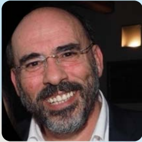
Presidente del Congresso Agostino Inglese

La sterilizzazione dei dispositivi medici riutilizzabili rappresenta uno dei pilastri fondamentali della sicurezza del paziente, un processo complesso e rigoroso che, pur svolgendosi lontano dalla scena clinica, ha un impatto diretto e determinante sugli esiti assistenziali. “Sterilizzazione: un atto invisibile, un impatto vitale” vuole dare voce e visibilità a un ambito spesso sottovalutato, ma essenziale nella catena della qualità e della sicurezza delle cure.
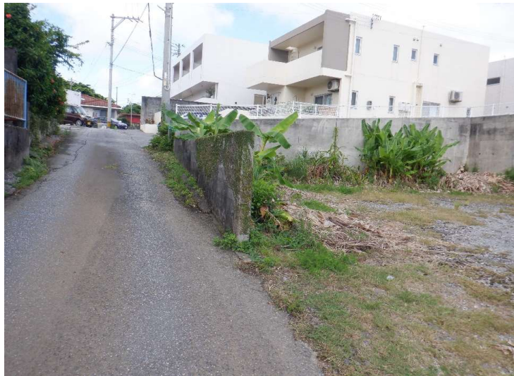
物件No.⑦-1〔栄野比松尾原424-1〕
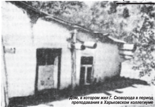
Дом, в котором жил Г. Сковорода в период преподавания в Харьковском коллегии

Сквозь сон я услышала женский крик. Крик его матери. Встав со своей кровати, я зашла в соседнюю комнату. Его лицо было спокойно. Он был мертв.
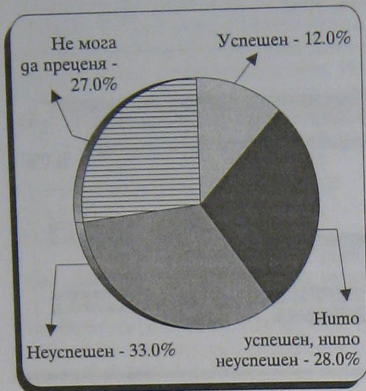
Фиг. 4а. Как оценявате хода на здравната реформа?

Висок е относителният дял на тези, които не приемат необходимостта от здравна реформа (64%). По-голяма част от анкетиранияте не оценяват положително хода на реформата към сегашния момент. В същото време около 1/3 от запитаните вярват в бъдещето на новата здравна система, докато по-малко от 1/5 са песимистично настроени (фиг. 4а, 4б).
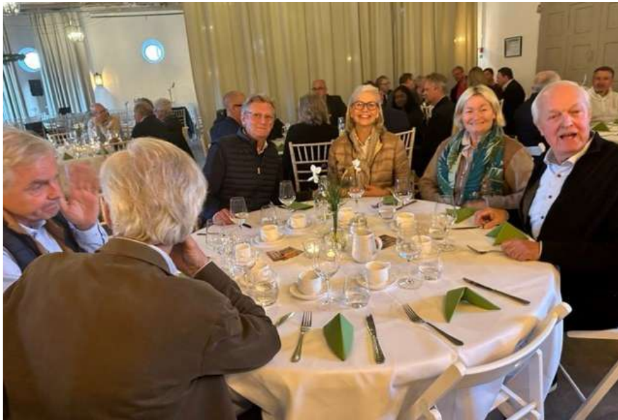
I väntan på den synnerligen välsmakande maten från Svaneholms slottsrestaurang.

Maldivernas klimatsändebud i FN gav en egenupplevd bild av hur klimatförändringen påverkar henne, hennes familj och Maldiverna som land. Från att i ungdomen ha upplevt en sorglös tid med "fri tillgång" till friskt vatten, till idag då grundvattnet blivit så kontaminerat att allt vatten måste renas. Idag går det åt mer medel från Maldivernas offentliga sektor till att rena vatten än det går åt till utbildningssystemet. Denna förändring har skett på mindre än 30 år.
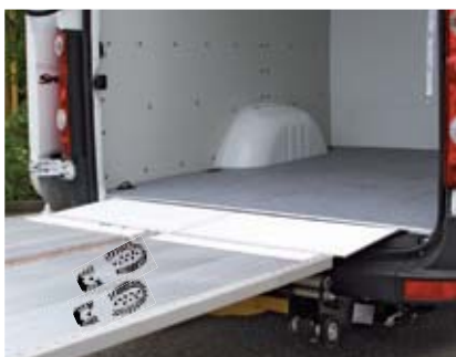
VanBridge spojuje podlahu ložné plochy vozidla s plošinou. Výškový rozdíl u standardní podlahy 12 mm.
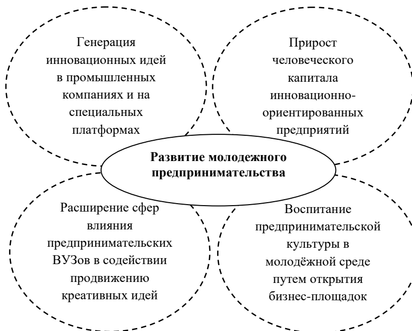
Рисунок 2 – Области развития молодежного предпринимательского движения (с использованием [5 – 7])

Делая акцент на активном использовании базовых принципов юнит-экономики, мы не можем обойти вниманием сферы влияния «экономики знаний», которая неразрывным образом связана с молодежным предпринимательством. На рисунке 2 обозначены приоритетные области развития молодежного предпринимательского движения, без которых не представляется будущее нашей страны.
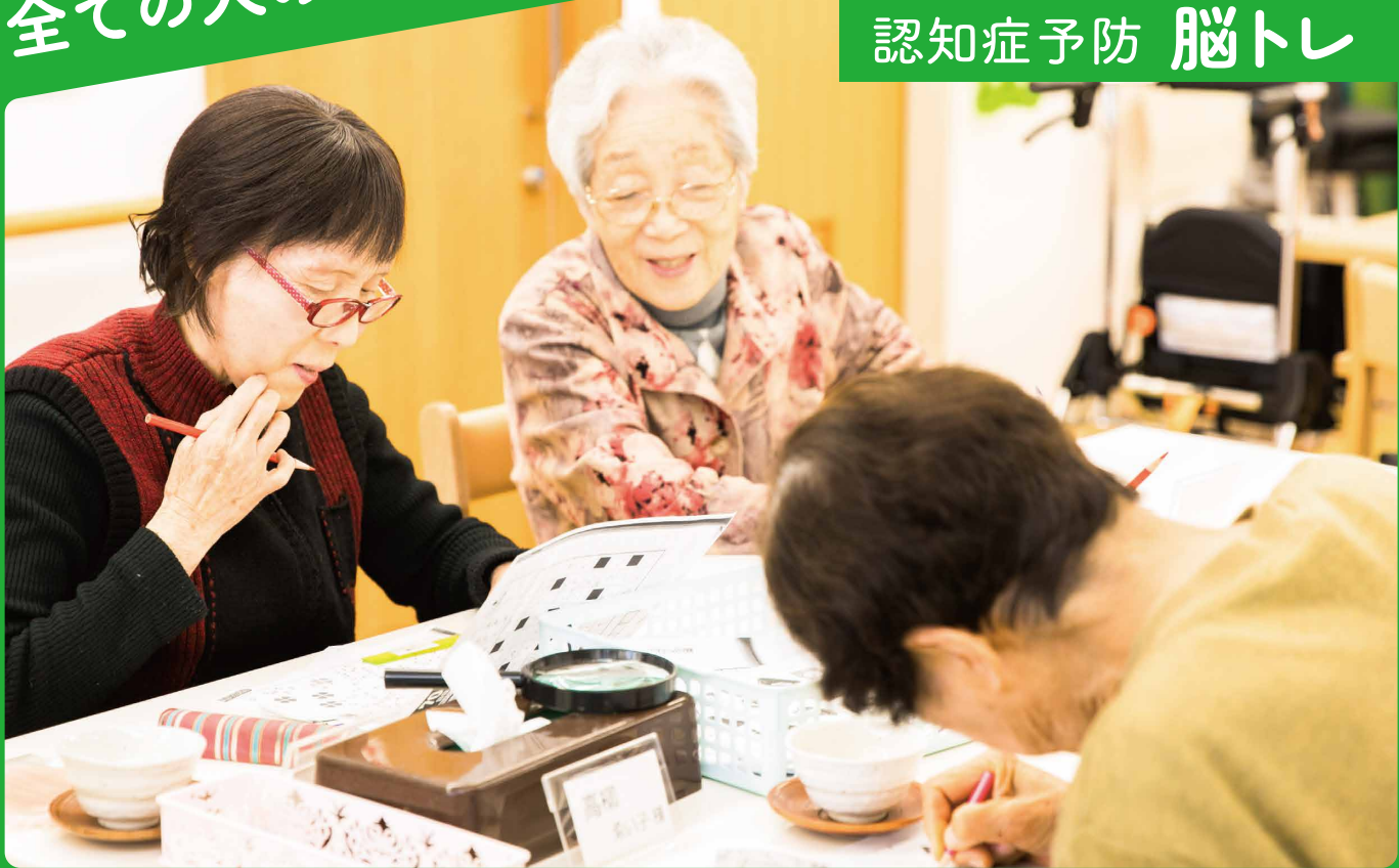
認知症予防 脳トレ
※ ※ ※
PROBLEM STATEMENT.
In the records above, everything from the line with "Сквозь сон я" down to the line with "Фиг. 4а. Как" is to be set down exactly, both ends included, with no pictures and no other lines.

EXERCISE ANSWER.
Сквозь сон я услышала женский крик. Крик его матери. Встав со своей кровати, я зашла в соседнюю комнату. Его лицо было спокойно. Он был мертв.
Фиг. 4а. Как оценявате хода на здравната реформа?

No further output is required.